Impact of Elotuzumab on Multiple Myeloma Patients
The ELOQUENT-3 trial looks at how the of addition of elotuzumab to pomalidomide and dexamethasone impacts patient outcomes in multiple myeloma.
The addition of elotuzumab to pomalidomide and dexamethasone resulted in significantly improved risk for progression and death in patients with relapsed/refractory multiple myeloma who had failed on treatment with lenalidomide and a proteasome inhibitor, according to results of the ELOQUENT-3 trial published in The New England Journal of Medicine.
A prior trial, ELOQUENT-2, had shown that elotuzumab plus lenalidomide and dexamethasone reduced the risk for progression or death compared with lenalidomide and dexamethasone alone. Pomalidomide is already approved in combination with dexamethasone in patients with myeloma who have failed on two prior treatments.
In ELOQUENT-3 researchers led by Meletios A. Dimopoulous, MD, of the National and Kapodistrian University of Athens, Greece, thought that “the combination of elotuzumab and pomalidomide may have synergistic clinical effects in patients with multiple myeloma that relapsed after treatment with lenalidomide or are refractory to lenalidomide.”
To test that theory, the study enrolled 117 patients and randomly assigned them to elotuzumab plus pomalidomide and dexamethasone or to pomalidomide and dexamethasone alone (control).
After a minimum follow-up of 9.1 months, the median progression-free survival (PFS) was more than double in the elotuzumab group compared with the control group (10.3 vs 4.7 months). There was a 46% decreased risk for progression or death in the elotuzumab group compared with the control group (hazard ratio [HR], 0.54; 95% CI, 0.34–0.86; P = .008).
More than half of patients (53%) assigned to elotuzumab responded to treatment compared with 26% of patients in the control group (overall response [OR], 3.25; 95% CI, 1.49–7.11).
Grade III/IV neutropenia occurred in 27% of patients in the control group compared with 13% of patients in the elotuzumab group. Additional grade III/IV events were anemia (10% vs 20%), and hyperglycemia (8% vs 7%).
In 2017, the US Food and Drug Administration put a clinical hold on two trials of pembrolizumab plus an immunomodulatory agent in patients with relapsed or refractory myeloma (KEYNOTE 183 and KEYNOTE 185) because of worse overall survival (OS) in the pembrolizumab arms.

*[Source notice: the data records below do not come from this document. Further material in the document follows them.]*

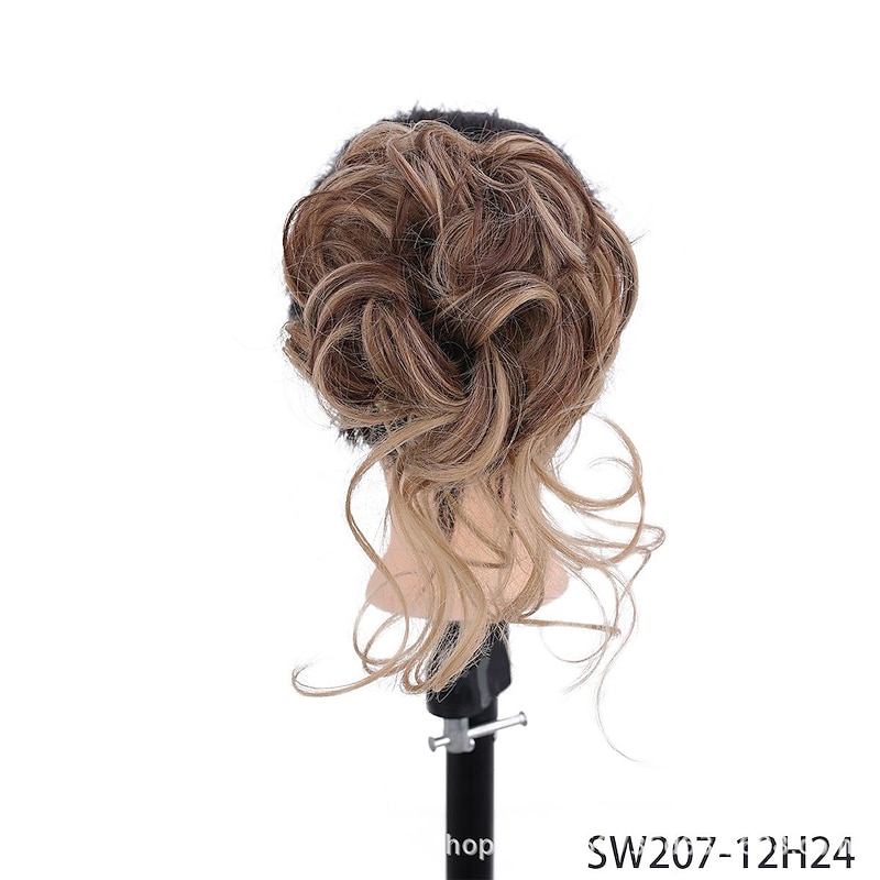 foreign trade chemical fiber synthetic lazy catch clip hair ring flower bud ball head girl natural fluffy long beard fashion wig 12
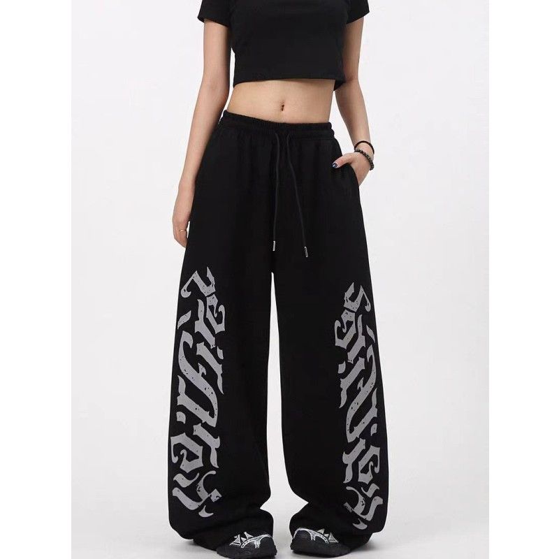 아메리칸 알파벳 프린트 모통이 칼 캐주얼 바지 여성 새로운 hipho 스트리트 댄스 와이드 레그 팬츠 루즈핏 웃음 하 알파벳 바지
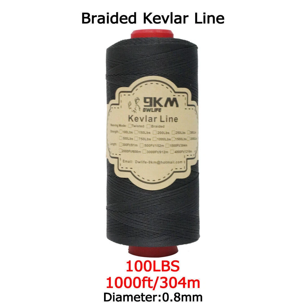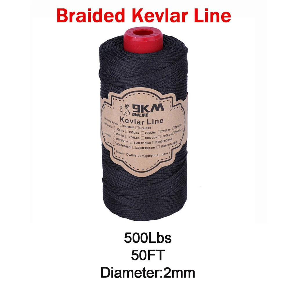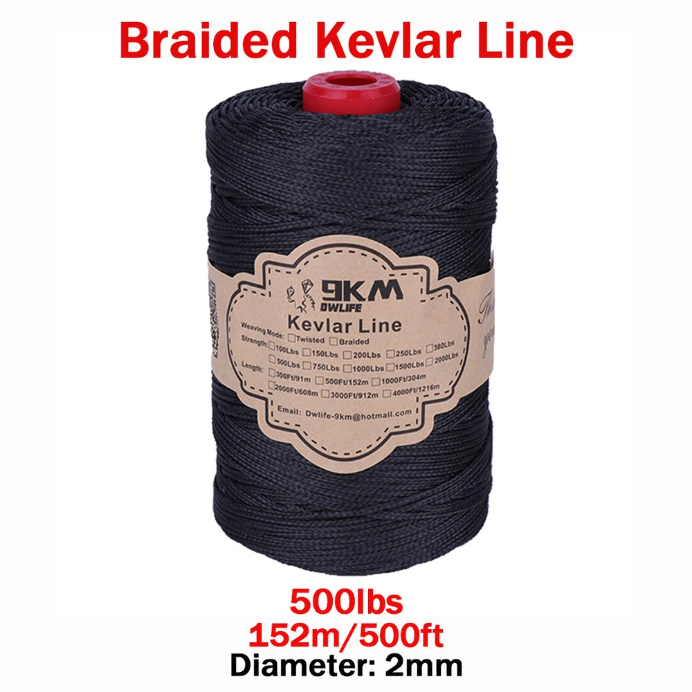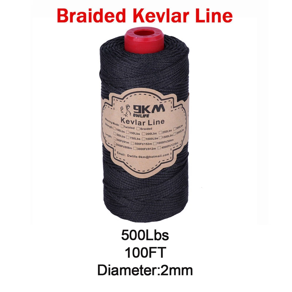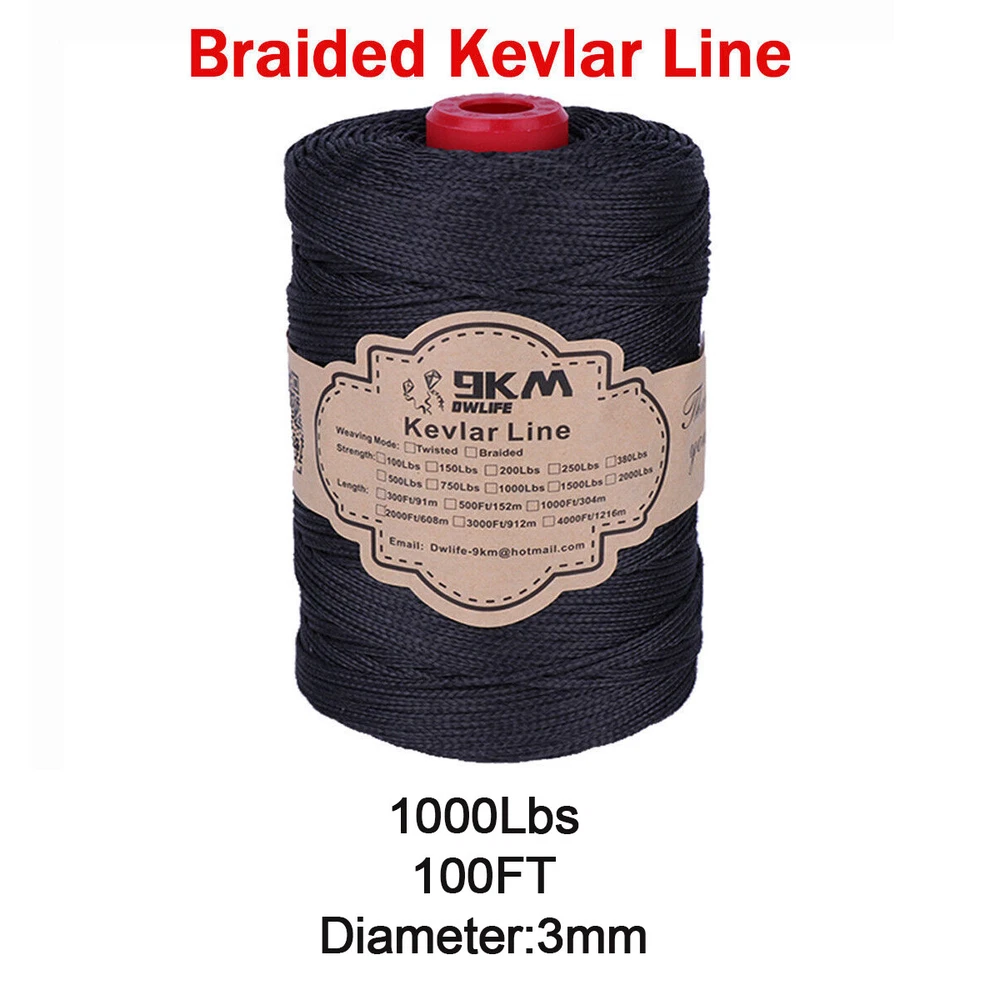 50lb-1500lb BRAIDED KEVLAR LINE Kevlar Fiber: The braided kevlar string is made of 100% kelvar fiber which is of high strength, high harness, high toughness and high abrasion resistance. Construction of Braid: Multi-strands interweaving process makes the string / cord much more durable, and it won't unravel like twisted line. Tough String: Every kevlar fiber is of high tensile strength. It exerts much higher strength in the same diameter. Cut-Resistance: One of the best advantages of Kevlar string. It helps avoid many unexpected string snaps which happen a lot in binding and fastening objects with sharp edges. Application: We provide strings from 100lb to 1500lb to meet different requirements, like, fishing, camping / hiking equipment fastening, usual outdoor line, plant support, gardening work, decoration hanging, creative projects, etc. Strength - Diameter - Weight per Meter: Approximately ±2~3% deviation exists in measurement. AMAZING Black COLOR! Great for outdoors Light weight, high tensile strength and small diameter make Kevlar cordage a great choice for below activities: Kites Flying String / Fishing Assist Line Large Model Rocket Cord / Speargun Shooting Line Camping Tarp Ridge Lines / Ultralight Backpacking Climbing / Rigging Sling / Survival Gear / Emergency Repair Cord Hiking Equipment Fastening / Tent Guy Lines Plant support / Arborist accessories Gardening Work / Decoration Hanging / Mason's line / Creative projects, etc. Notice:Around 90% of original strength is the safety working load. It‘s testing result from line factory.

Both trials looked at pembrolizumab at the same dose and schedule, making it unclear whether similar OS results would be seen with other PD-1 or PD-L1 drugs would occur.
After this decision, one question raised was related to a lack of trials of single agent pembrolizumab in multiple myeloma before its combination use, Nicole J. Gormley, MD, and Richard Pazdur, MD, of the FDA, wrote in an accompanying editorial.

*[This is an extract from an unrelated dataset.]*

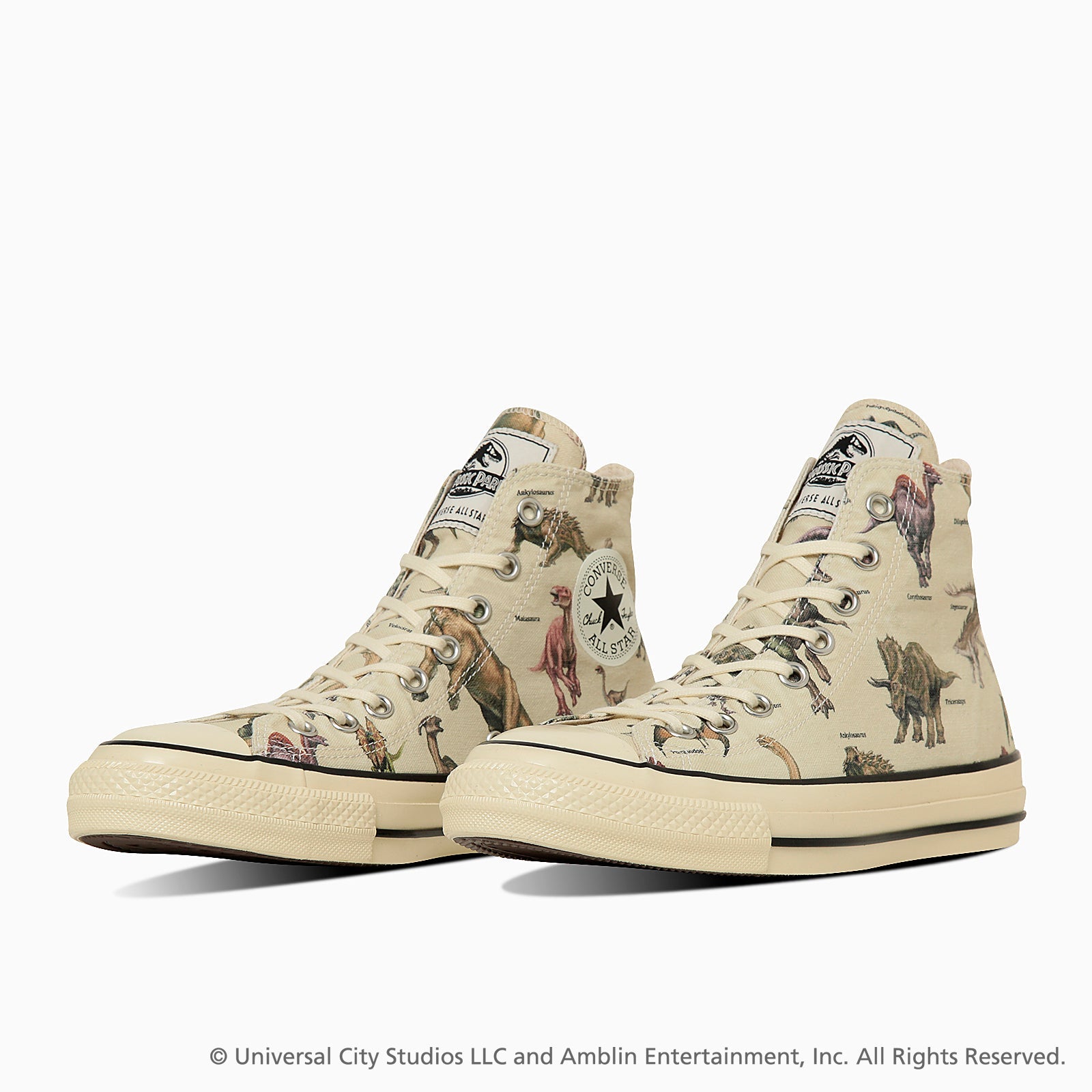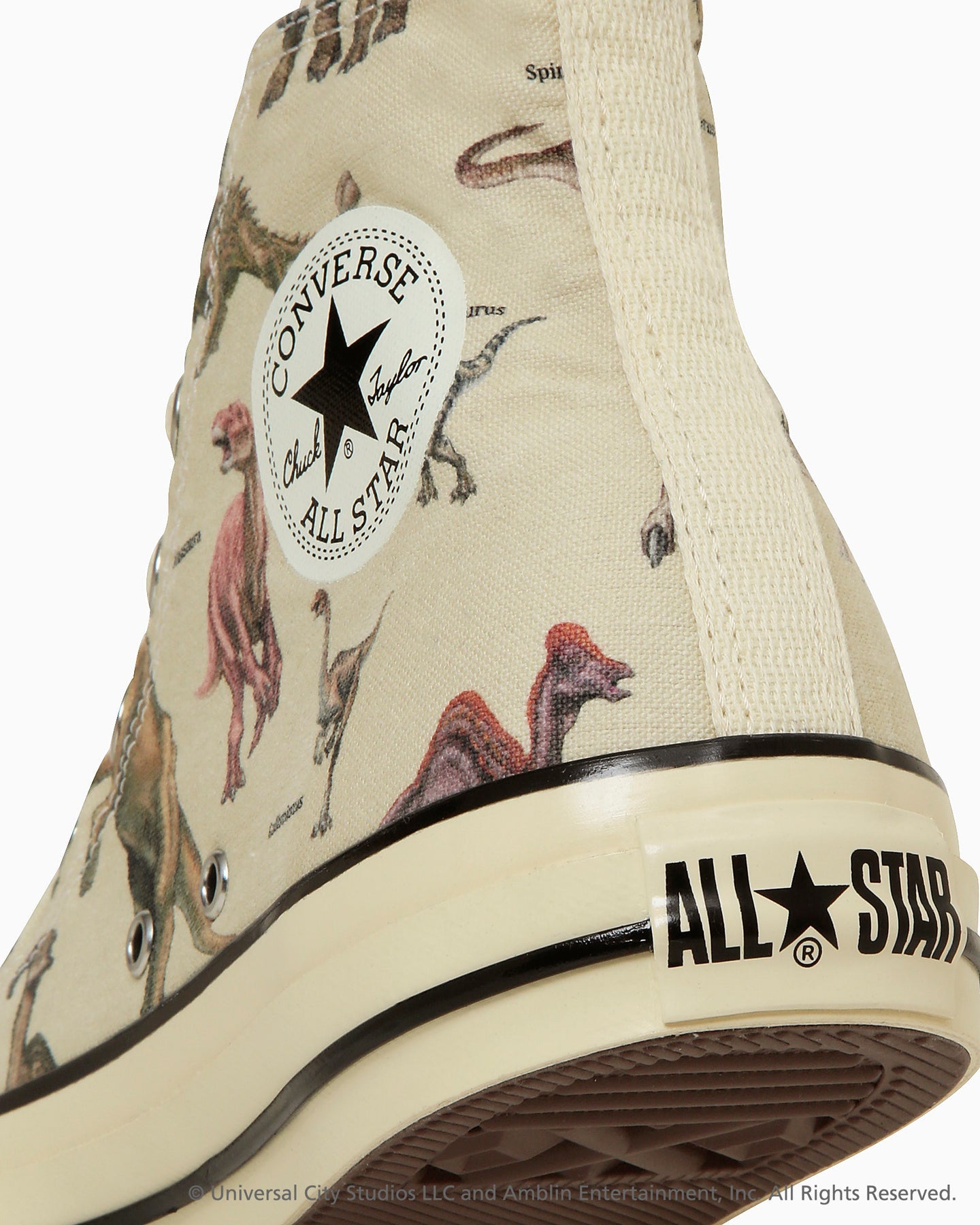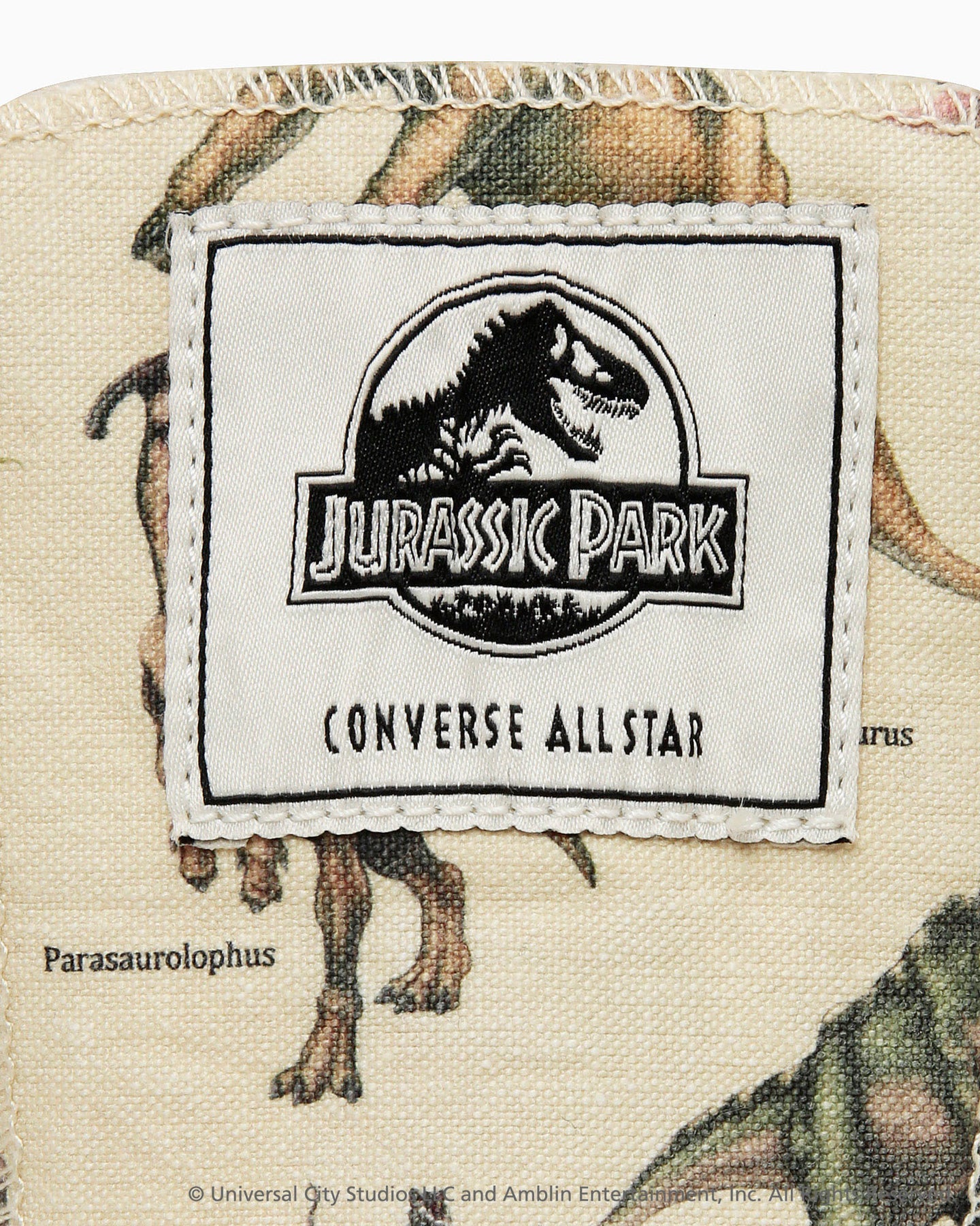 All Star Aged 與 1993 年上映、享譽全球的經典電影侏羅紀公園的聯名款式,以人氣恐龍圖案為靈感,將電影中登場的各種恐龍繪製成原創圖案,並印製在鞋面上,鞋舌上附有仿古著戶外夾克標籤設計的布標,透過水洗加工、深米色的鞋帶與側邊飾帶,營造出如在古著般的復古氛圍。

The “unexpected” findings of the ELOQUENT-3 trial “underscore the importance of evaluating new immuno-oncology combinations in randomized trials assessing overall survival.”
This experience shows that combining different immunotherapy drugs in patients with multiple myeloma, or with solid tumors, may not follow the same path as the combination use of cytotoxic drugs over the last few decades.
In fact, Gormley and Pazdur wrote that although many “oncology approvals of single-agent PD-1 and PD-L1 dugs have been based on durable response rates in single-arm trials, it’s difficult to adequately evaluate efficacy and safety of drug combinations without a control group.”
“How a combination’s components interact in a complex immunologic tumor microenvironment will need to be thoroughly investigated,” they wrote. “Developers of PD-1 agents for multiple myeloma should be cognizant of these considerations. Further investigations of PD-1 agents in this disease should ensure appropriate patient selection, and examination of a combination’s safety and the effect on mortality should be considered early in its development.”